Я больше не чувствовал усталости; напротив, я ощущал в себе обычный избыток жизни и радости, которые вызывают в душе внезапные порывы великодушия. Я отдавал себя этим двум беднякам, я согревал их моим пламенем, напаивал их моим вином. В их взглядах, почти не отрывавшихся от меня, я читал уже подчинение и доверчивость моей воле. Они оба уже принадлежали мне, и я мог беспрепятственно изливать на них мое благоволение и мою власть.

-- Чего ты ждешь? Отчего ты не выходишь? - спросил я у Антонелло, который, стоя одной ногой на подножке, казалось, колебался как перед опасностью.

На губах его была прежняя скорбная улыбка. Он сделал видимое усилие, чтобы ступить на землю, покачнулся, словно не рассчитав высоты подножек, и его первые шаги были неверные и колеблющиеся. Я помог ему пройти в расщелины забора. Почувствовав под ногами мягкую землю, он остановился и, повернувшись к цветущим деревьям, с силой вдохнул, впитал в свои светлые глаза всю эту красоту, был словно очарован ею.

Я обратился к нему, дотронувшись до его руки:

-- Ты забыл об этом?

Оддо, прошедший во фруктовый сад, воскликнул в каком-то опьянении:

-- Ах! Если бы Виоланта была здесь! Это благоухание стоит духов Марии-Софии.

Антонелло повторил тихо:

-- Их надо привести к цветам.

Казалось, что звук этих слов с первого раза, как он произнес их, баюкал его слух, как мелодия. Повторяя их, его голос сохранял одно и то же выражение. И, слыша их несколько раз, я испытывал какое-то волнение, словно они были обращены ко мне. Желание срезать ветви, угасшее перед этим чудом живой красоты, снова вернулось ко мне, и мне смутно представлялось появление этого прекрасного дара весны в сумерках мрачного дворца.

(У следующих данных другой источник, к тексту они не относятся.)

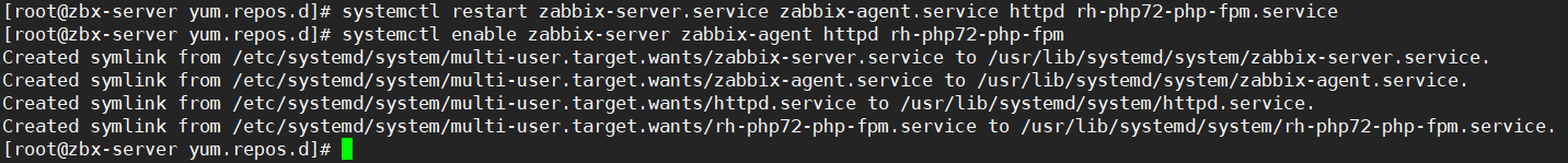 systemctl restart zabbix-server zabbix-agent httpd rh-php72-php-fpm

-- Здесь нет никого поблизости? - нетерпеливо окликнул я.

К нам уже бежал какой-то крестьянин. Задыхаясь, он наклонился и стал целовать мои руки с каким-то безумием.

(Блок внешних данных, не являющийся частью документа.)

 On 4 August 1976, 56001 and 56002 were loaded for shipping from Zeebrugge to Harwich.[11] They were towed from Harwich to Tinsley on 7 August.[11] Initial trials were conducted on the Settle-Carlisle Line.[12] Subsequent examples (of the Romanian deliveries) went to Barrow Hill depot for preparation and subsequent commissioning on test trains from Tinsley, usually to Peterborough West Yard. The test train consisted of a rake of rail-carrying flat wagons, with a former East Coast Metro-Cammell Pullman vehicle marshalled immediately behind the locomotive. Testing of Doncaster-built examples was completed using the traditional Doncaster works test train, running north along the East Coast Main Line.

-- Срежь самые лучшие ветви, - сказал я ему.

Этот человек был прекрасный образец своей расы, достойный обитатель этой бесплодной почвы, усеянной кремнями. Действительно, мне казалось, что я вижу в нем пережиток той древней расы, которую Девкалион создал из камней. Он вынул серп и короткими быстрыми ударами начал терзать беззаботные растения. При каждом ударе более зрелые лепестки точно снегом усыпали землю.

-- Посмотри! - сказал я Антонелло, протягивая ему ветвь. - Видел ты что-нибудь более нежное и свежее?

Он поднял свою слабую женственную руку и кончиком пальцев прикоснулся к лепесткам. Это был жест больного или выздоравливающего, прикасающегося к живому предмету со смутной иллюзией, что прикосновением он передает ему хоть частицу своей жизненности, как бабочки оставляют легкую пыльцу своих крыльев. И с почти нежной грустью в своей напряженной улыбке он обернулся к своему брату:

-- Но разве вы не живете в саду? - спросил я, пораженный их изумлением и волнением перед простой миндалевой ветвью, как перед неожиданным явлением. - Разве вы не проводите все ваши дни среди зелени и цветов?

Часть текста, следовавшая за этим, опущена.